Fla. becoming a dangerous laboratory of autocracy
“There are no second chances. It’s well known you can’t go against him.
If you cross him once, you’re dead.”
This might be a description of a Mafia boss or former President Donald Trump. Instead, it’s how a former Florida legislator, speaking anonymously to Politico, describes the bullying leadership style of current Gov. Ron DeSantis, who’s busy turning his state into an illiberal stronghold.
As the Republican Party adopts an authoritarian political culture and rejects democratic norms and ideals, the embrace of extremist ideologies has become a way for ambitious GOP politicians to stand out and capture media attention. Florida, Texas, and other Republican-governed states are becoming laboratories of American autocracy, passing legislation that institutionalizes homophobia and racism.
Yet DeSantis is a particularly dangerous individual. He may be up for re-election as governor in Florida, but he has designs on the White House as soon as two years from now. It’s not hard to see what he is doing in Florida as a rehearsal for illiberalism on a national scale.

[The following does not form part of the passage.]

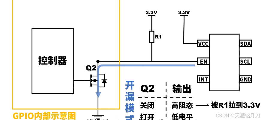 线与逻辑:多个开漏输出引脚直接相连,当所有引脚都输出高阻(高电平未上拉)时,总线为高;任何一个输出低电平,总线即被拉低。常用于I2C总线。

He’s very popular within the GOP. And he’s following a playbook that prioritizes not public welfare, but rather the intimidation and polarization of citizens — the better to facilitate the accumulation of the leader’s personal power.
Trump’s relentless attempts to discredit our national election apparatus and the success of his Big Lie showed other unscrupulous politicians, DeSantis among them, the gains to be made through making fake claims of election fraud.

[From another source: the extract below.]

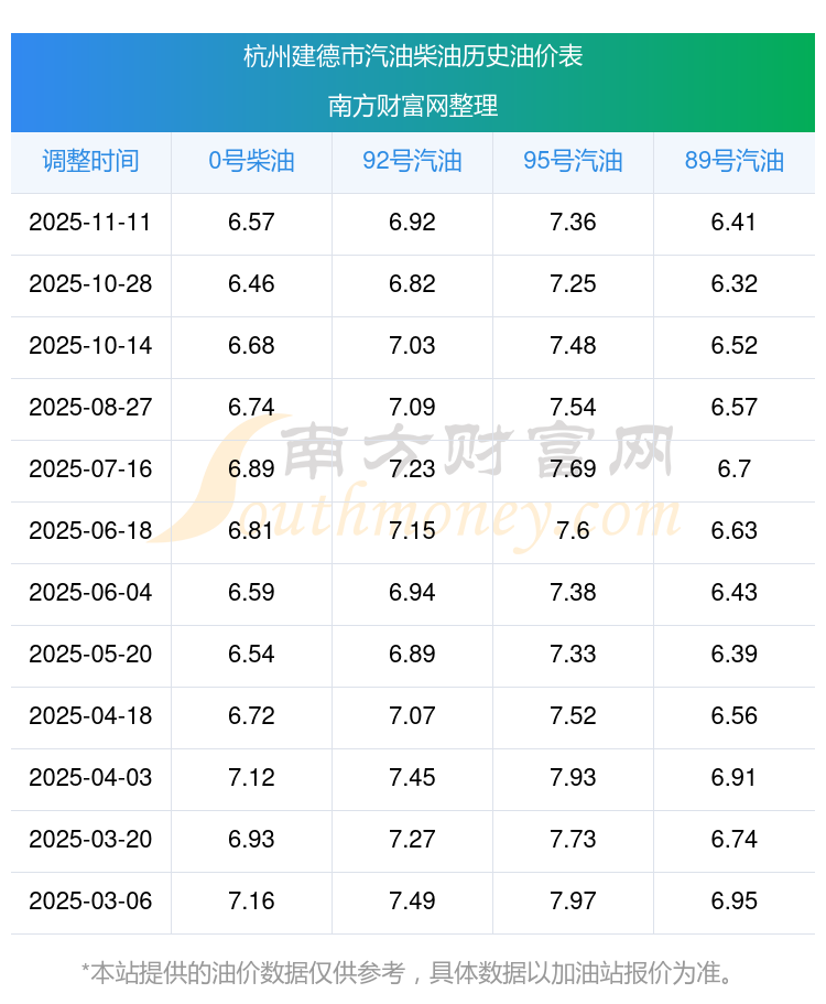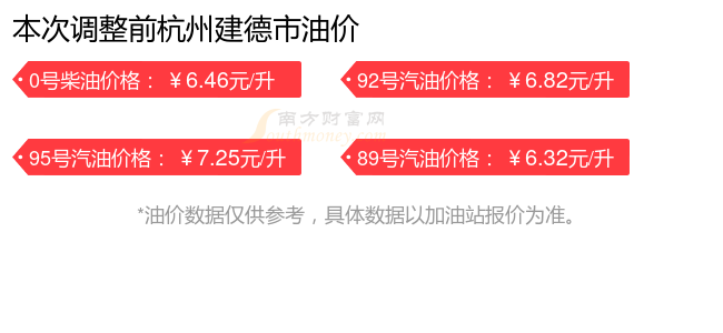杭州建德市汽油、柴油11月15日每升最新價格為:92號汽油為6.92元;95號汽油為7.36元;89號汽油為6.41元;0號柴油為6.57元,調(diào)整時間為11月11日。

Cue the governor’s new Office of Election Crimes and Security, housed within the Florida Department of State. It will have 15 investigators to pursue election crimes, including those reported to a “voter fraud hotline.”
DeSantis also seeks to disempower and punish Floridians he sees as political enemies. This ever-expanding category of people includes Black voters (a new redistricting map would cut heavily Black districts from four to two); protesters (an April 2021 “anti-riot” law grants civil immunity to people who drive cars into protesters blocking roads); and the LGBTQ community. The so-called “Don’t Say Gay” Bill limits K-3 classroom discussions of gender identity and sexual orientation and allows parents to potentially sue schools or teachers that engage in these topics.
The authoritarian goals of censorship and encouraging citizens to turn on each other also motivate the various “anti-critical race theory” bills, like the Stop WOKE Act, that censor anti-racist content and workplace training. DeSantis calls such information “state-sanctioned racism.” Yet he refused to denounce actual Nazi activists who assaulted a Jewish college student in the Orlando area.
Democratic frames of reasoning don’t help us to understand decisions that fly in the face of good governance and heighten the possibility of harmful outcomes. Who benefits from increased polarization, from ideologues replacing experts, from turning citizens into informers?
A leader like DeSantis, who seems intent on creating his own mini-autocracy in Florida, to be scaled up in 2024. The governor is “essentially the speaker of the House, the president of the Senate, and the chief justice of the Supreme Court right now,” says a sitting Republican state legislator, speaking anonymously.
DeSantis may cast himself as the savior of “freedom” in Florida, but the real meaning of his idea of liberty is clear. He wants to be free of any constraints on his ability to govern in ways that benefit the consolidation of his personal power. That’s how autocrats think.
His defeat in 2022, and if it comes to it, in 2024, is imperative for the future of American democracy.